Data START
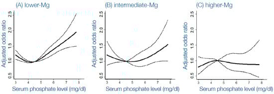 Odds ratio for cardiovascular mortality in a large Japanese cohort of patients on hemodialysis. (A) Reflects lower magnesium group, (B) intermediate magnesium group and (C) higher magnesium group. The dashed line represents the 95% confidence interval. The reference serum phosphate value is 4.5 mg/dL. Reproduced with permission from Sakaguchi et al. [53], 2014, PLoS One.
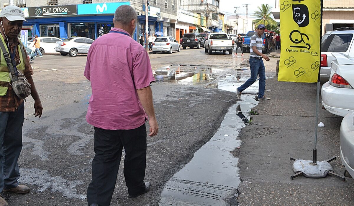 Quienes a diario deben transitar por la antigua calle Barrero, aseguran que el bote de aguas residuales mantiene contaminada la concurrida zona y que el caudal se esparce por varios metros de distancia hasta caer en la avenida Bolívar.
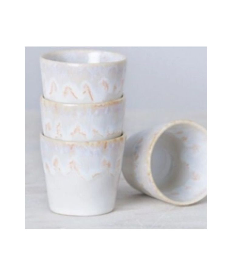 Puodelis be rankenos Grespresso Grey 90 ml – elegantiškas ir modernus Costa Nova kolekcijos indas, išsiskiriantis subtiliu pilkos glazūros raštu, įkvėptu natūralių vandenyno tonų. Pagamintas iš aukštos kokybės akmens masės, pasižymi tvirtumu, ilgaamžiškumu ir amatininkišku charakteriu, būdingu visai Grespresso linijai. 90 ml talpa idealiai pritaikyta espresso kavai, degustaciniams gėrimams ar dekoratyviniam panaudojimui. Neutralus pilkas atspalvis lengvai dera su įvairiais stiliaus indais ir puikiai tinka tiek HoReCa aplinkai, tiek namų virtuvei.
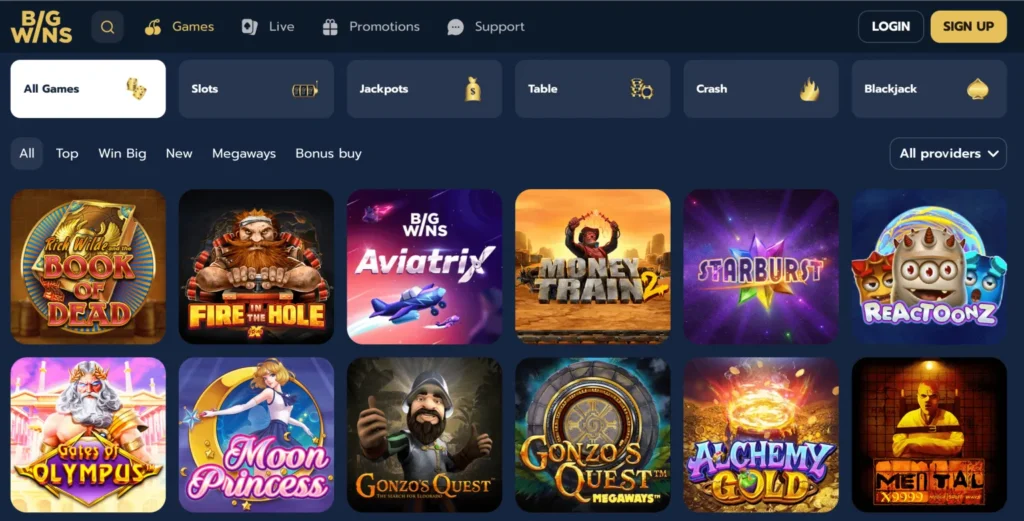 Big Wins makes sure you have a great time as a customer. The main colors on their site are blue, black, gold, and white. They mix well. You can tell the choices apart easy because the letters and symbols are big and clear. They don’t crowd the homepage with too many symbols. It’s easy to move around and find different games right from the start page. But, you only see a few game options at once; you can scroll to see more.
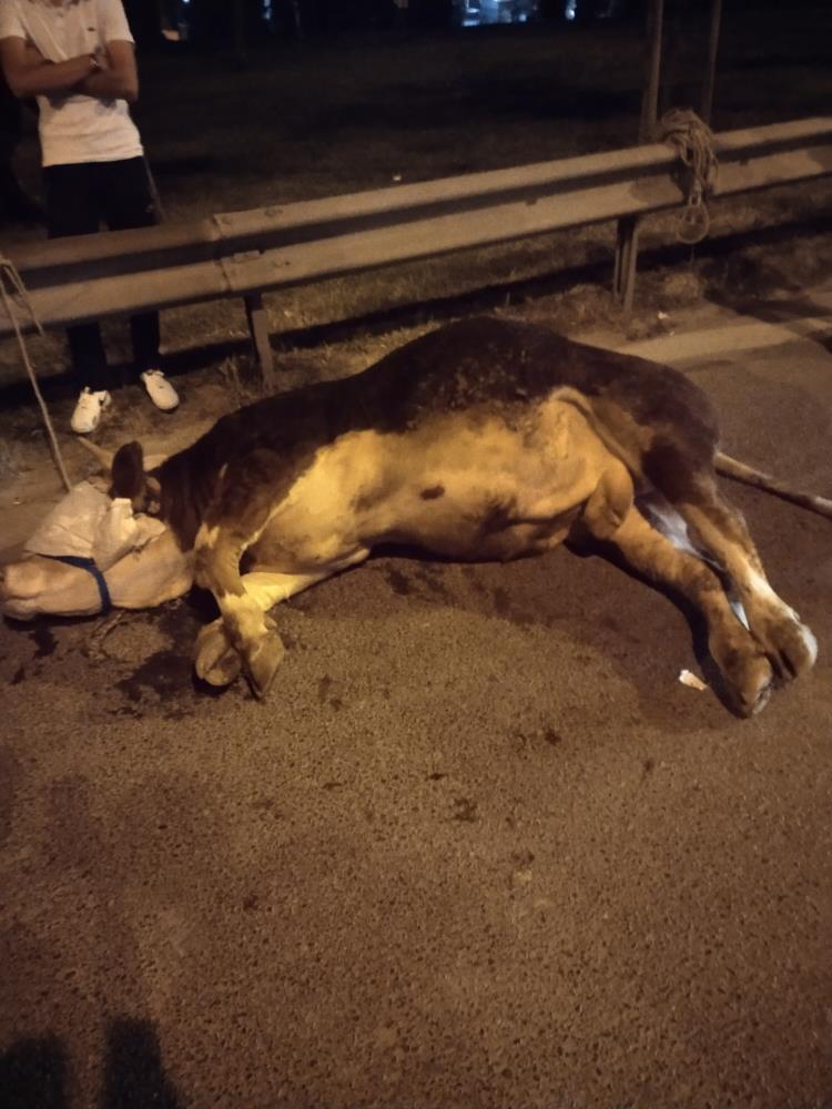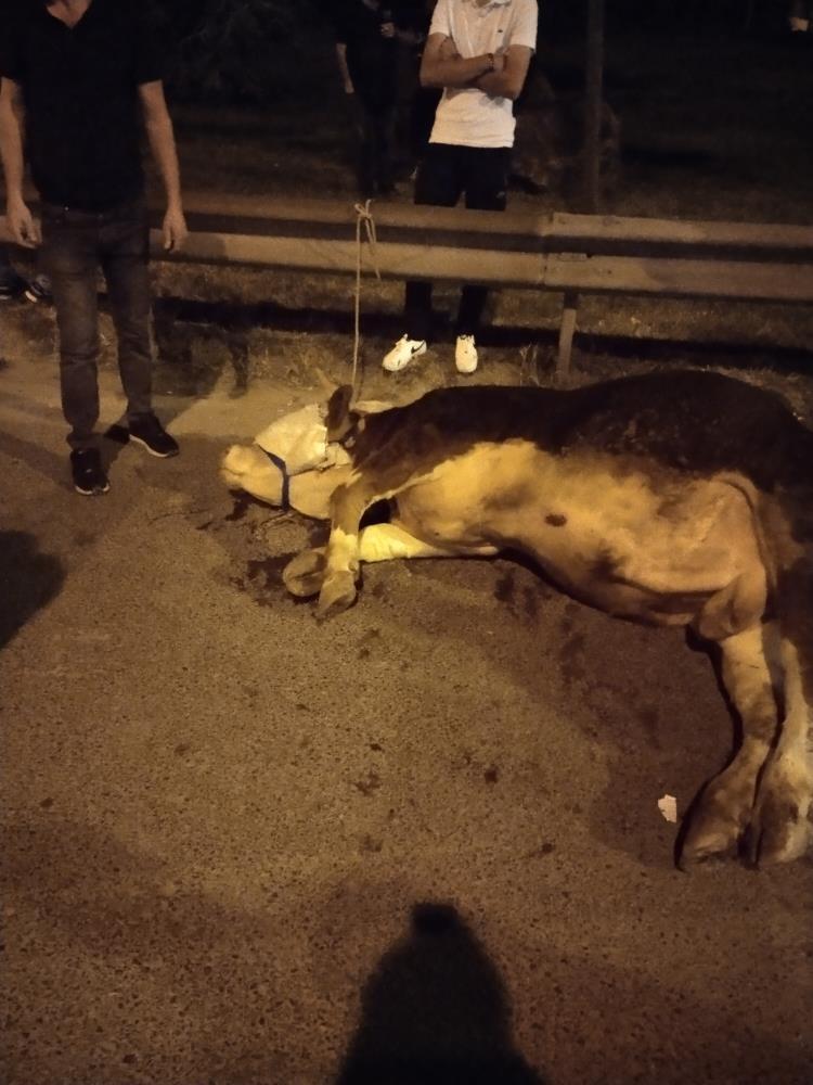 Ümraniye Şile Otoyolu Çekmeköy istikametinde, 23.00 sıralarında dramatik bir olay yaşandı. Açık kasa kamyonette seyir halinde olan bir kurbanlık dana, ipini kopararak yola atladı. Ani hareketle otoyola düşen dananın sağ ön ayağının kırıldığı belirlendi.
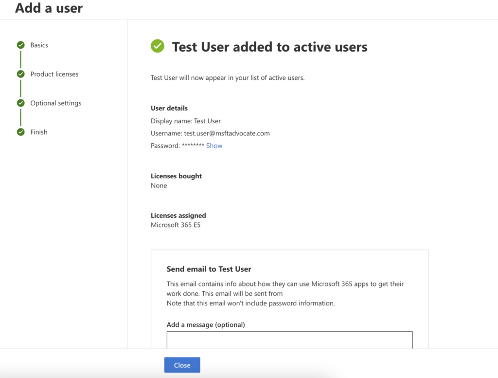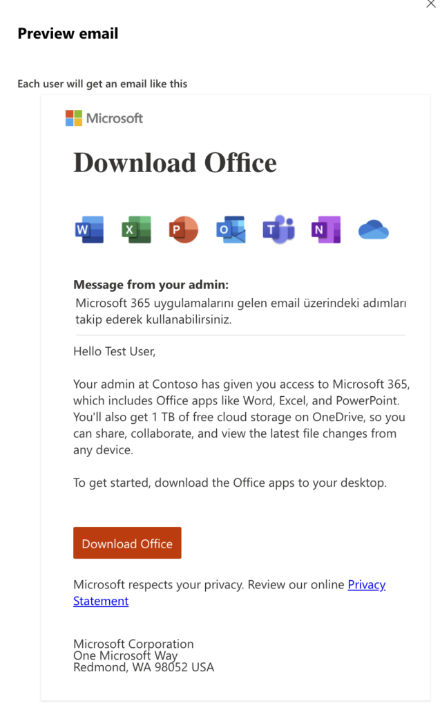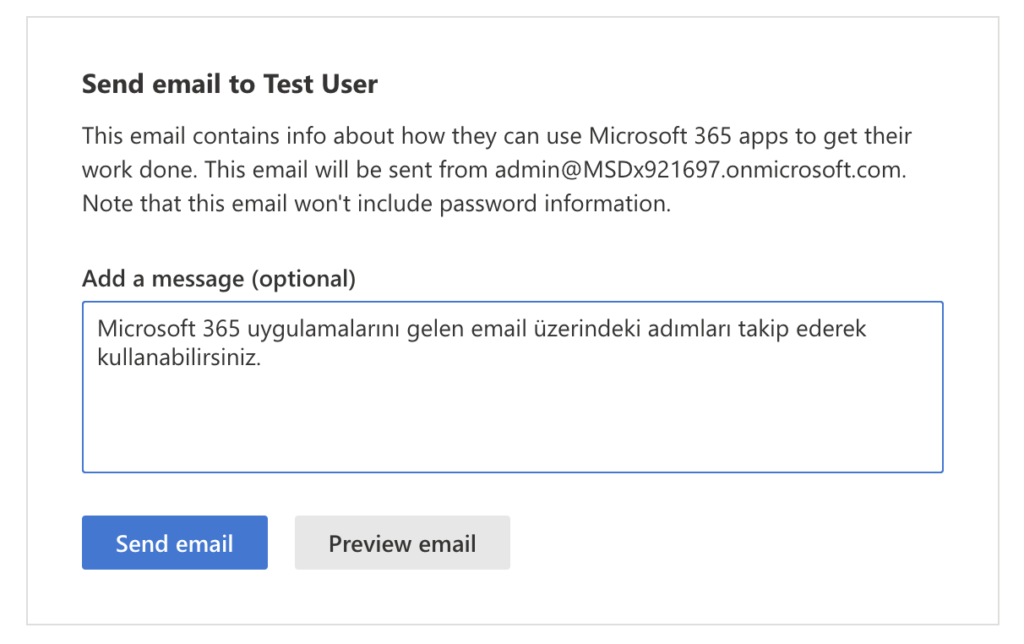 Send email to Test User kısmından kullanıcıya Microsoft 365 Uygulamalarını nasıl kullanacağına dair bir email gönderebilirsiniz, özel mesaj yazabilirsiniz ve önizlemesini görebilirsiniz.
Data END
__Exercise brief__
Transcribe, from the material above, the stretch starting at the line with "Big Wins makes" and ending at the line with "Ümraniye Şile Otoyolu", both included, exactly. Do not carry over pictures.

__Answer to this problem__
 Big Wins makes sure you have a great time as a customer. The main colors on their site are blue, black, gold, and white. They mix well. You can tell the choices apart easy because the letters and symbols are big and clear. They don’t crowd the homepage with too many symbols. It’s easy to move around and find different games right from the start page. But, you only see a few game options at once; you can scroll to see more.
 Ümraniye Şile Otoyolu Çekmeköy istikametinde, 23.00 sıralarında dramatik bir olay yaşandı. Açık kasa kamyonette seyir halinde olan bir kurbanlık dana, ipini kopararak yola atladı. Ani hareketle otoyola düşen dananın sağ ön ayağının kırıldığı belirlendi.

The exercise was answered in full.